Extracted records:
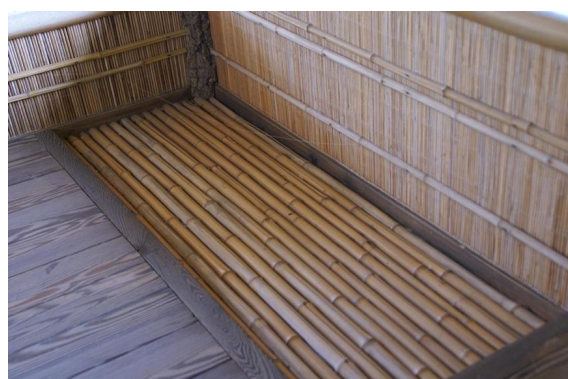
Right: Outdoor tea room in the Katsura Rikyu gardens
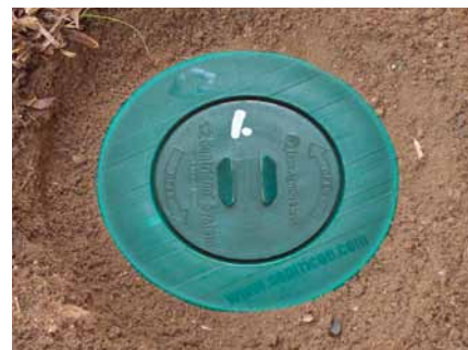
Picture 1: Sentricon RTI station correctly installed sitting flush with the soil surface, also shows station number.

In clay soil ensure the hole is deep enough to allow water to drain out of the Sentricon RTI station .
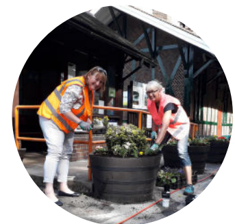
Matlock Bath station
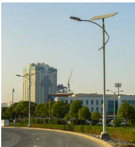
Flatpanel Solution, Stand Alone In cooperation with Dubai, UAE

INSTRUCTIONS FOR THE TASK:
An exact copy of the records above is needed, free of pictures.

EXPECTED OUTPUT:
Right: Outdoor tea room in the Katsura Rikyu gardens
Picture 1: Sentricon RTI station correctly installed sitting flush with the soil surface, also shows station number.

In clay soil ensure the hole is deep enough to allow water to drain out of the Sentricon RTI station .
Matlock Bath station
Flatpanel Solution, Stand Alone In cooperation with Dubai, UAE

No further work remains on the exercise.